**WHAT THE EXERCISE ASKS**
Among the entries below, one stretch runs from the line that contains "August 15 2016" through the line that contains "Website What's New". Repeat that stretch exactly, ends included, and only that.

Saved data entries

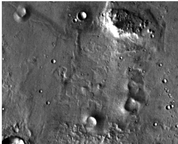
Figure 2. THEMIS base map showing lobate materials and the source constructs (pitted cones). Note cross-cutting relationships between the lobate materials within which the pitted cones are located.

Based on current mapping results, we suggest that the regional VB margin formed through the soft-sediment deformation related to seismicity [8] (and not by an ocean shoreline [ e.g. , Parker et al., 1989]). We attribute characteristic landforms to shoaling effects of a seismic wave and the detachment and southward movement of surficial units. This hypothesis implicates major variation in the near subsurface (within the uppermost tens of meters), perhaps due to grain size, lithification, and/or water or ice content. Older surfaces may indicate higher stands of subsurface volatiles and/or different layers of liquefied lowland materials. We speculate that the source of the seismic energy was one or more lowland impacts, whereby lowland material was conducive to wave propagation.
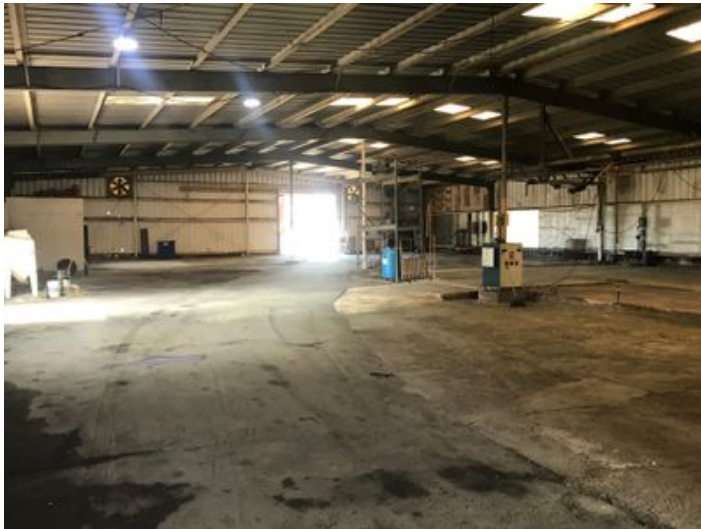
406 S. Royal whse pic 2
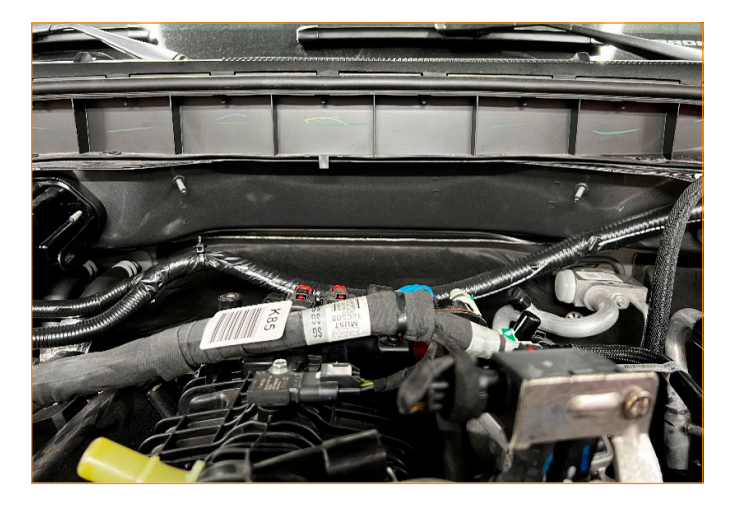
04. Install the catch can bracket to the firewall studs and fasten using 2x M6 locking nuts and washers.
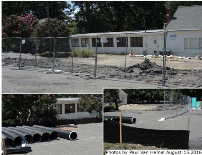
August 15 2016

Website What's New Catalog DocStore Facebook Officials Member Portal Contact Us
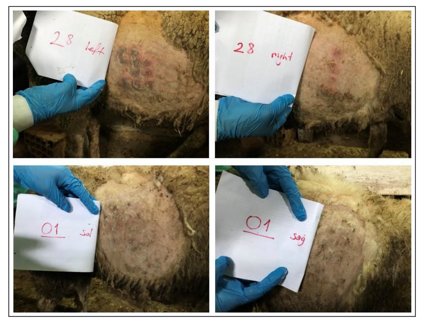
Figure 2. Comparison of skin reactions of protected and non protected animals in the simultaneous vaccination group. Skin reactions of non protected animal after simultaneous vaccination (28: animal code) at 8. Days Post Challenge (DPC) and skin reactions of protected animal after simultaneous vaccination (1: animal code) at 8. DPC (left and right sides of body).

When we look at the studies that gained successful results, in a study (Srinivasan, 2001); FMD, rabies, Pasteurella, and Clostridium vaccine agents were used in the combined formulation. Formulating the many vaccines in a one syringe can help the workload of field vaccination, but, some drawbacks are possible. For example, negative interference may decrease the protective immune response to one or more component of the candidate vaccine, combined vaccines are more prone to shortage because of its complex nature, the risk is increased if one batch of combined vaccines can not pass one of the vaccine control tests. For this reason, simultaneous vaccine administration is more preferable than combined vaccine administration (Fletcher et al., 2004). Therfore, here simultaneous vaccination was preferred. In other two different studies (Trotta et al., 2015; Çokçalışkan et al., 2019), FMD and anthrax vaccines were used simultaneously without any interference. Live attenuated Brucella and FMD vaccines in cattle were used simultaneously and researchers declared that the antibody titers against Brucella were higher during the simultaneous administration (Hancı, 2016). The vaccine agents of these three studies are composed of live bacterial agents (anthrax and brucella) and it was the positive effects on the cellular immune response through cytokines. This is probably the main reason why succesful results were gained in these studies.
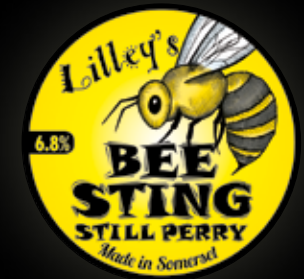
Bee Sting Still 6.8%

Refined from 88% pear and 12% apple this elegant drink is sweet in flavour with a melt in the mouth exotic taste and soft champagne colour.

**THE ANSWER**
August 15 2016

Website What's New Catalog DocStore Facebook Officials Member Portal Contact Us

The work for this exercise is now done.